[TRY IT]
The reply should hold every line of the listing exactly, and none of its images.

□ □ □ □

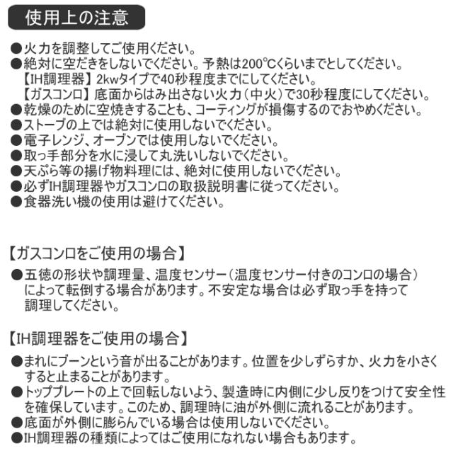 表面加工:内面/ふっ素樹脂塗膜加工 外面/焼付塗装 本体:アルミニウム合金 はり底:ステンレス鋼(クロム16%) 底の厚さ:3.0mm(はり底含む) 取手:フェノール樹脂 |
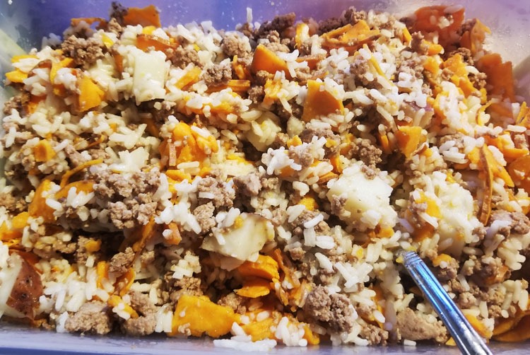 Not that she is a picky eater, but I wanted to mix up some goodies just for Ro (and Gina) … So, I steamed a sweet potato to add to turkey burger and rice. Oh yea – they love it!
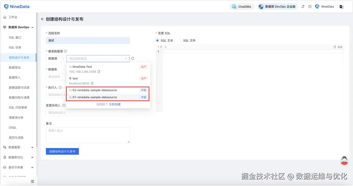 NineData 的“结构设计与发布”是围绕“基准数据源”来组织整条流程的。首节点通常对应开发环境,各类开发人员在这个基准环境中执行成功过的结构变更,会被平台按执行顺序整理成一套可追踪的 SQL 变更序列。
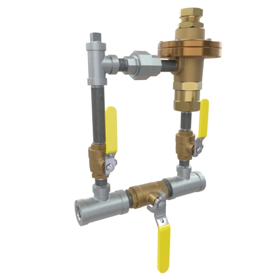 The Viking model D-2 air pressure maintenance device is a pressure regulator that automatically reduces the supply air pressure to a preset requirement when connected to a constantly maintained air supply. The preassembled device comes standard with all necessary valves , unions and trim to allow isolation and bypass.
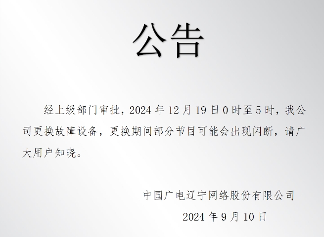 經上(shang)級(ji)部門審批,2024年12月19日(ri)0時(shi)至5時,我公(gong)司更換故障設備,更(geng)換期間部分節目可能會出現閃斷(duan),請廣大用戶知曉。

□ □ □ □

[WRITTEN RESPONSE]
 表面加工:内面/ふっ素樹脂塗膜加工 外面/焼付塗装 本体:アルミニウム合金 はり底:ステンレス鋼(クロム16%) 底の厚さ:3.0mm(はり底含む) 取手:フェノール樹脂 |
 Not that she is a picky eater, but I wanted to mix up some goodies just for Ro (and Gina) … So, I steamed a sweet potato to add to turkey burger and rice. Oh yea – they love it!
 NineData 的“结构设计与发布”是围绕“基准数据源”来组织整条流程的。首节点通常对应开发环境,各类开发人员在这个基准环境中执行成功过的结构变更,会被平台按执行顺序整理成一套可追踪的 SQL 变更序列。
 The Viking model D-2 air pressure maintenance device is a pressure regulator that automatically reduces the supply air pressure to a preset requirement when connected to a constantly maintained air supply. The preassembled device comes standard with all necessary valves , unions and trim to allow isolation and bypass.
 經上(shang)級(ji)部門審批,2024年12月19日(ri)0時(shi)至5時,我公(gong)司更換故障設備,更(geng)換期間部分節目可能會出現閃斷(duan),請廣大用戶知曉。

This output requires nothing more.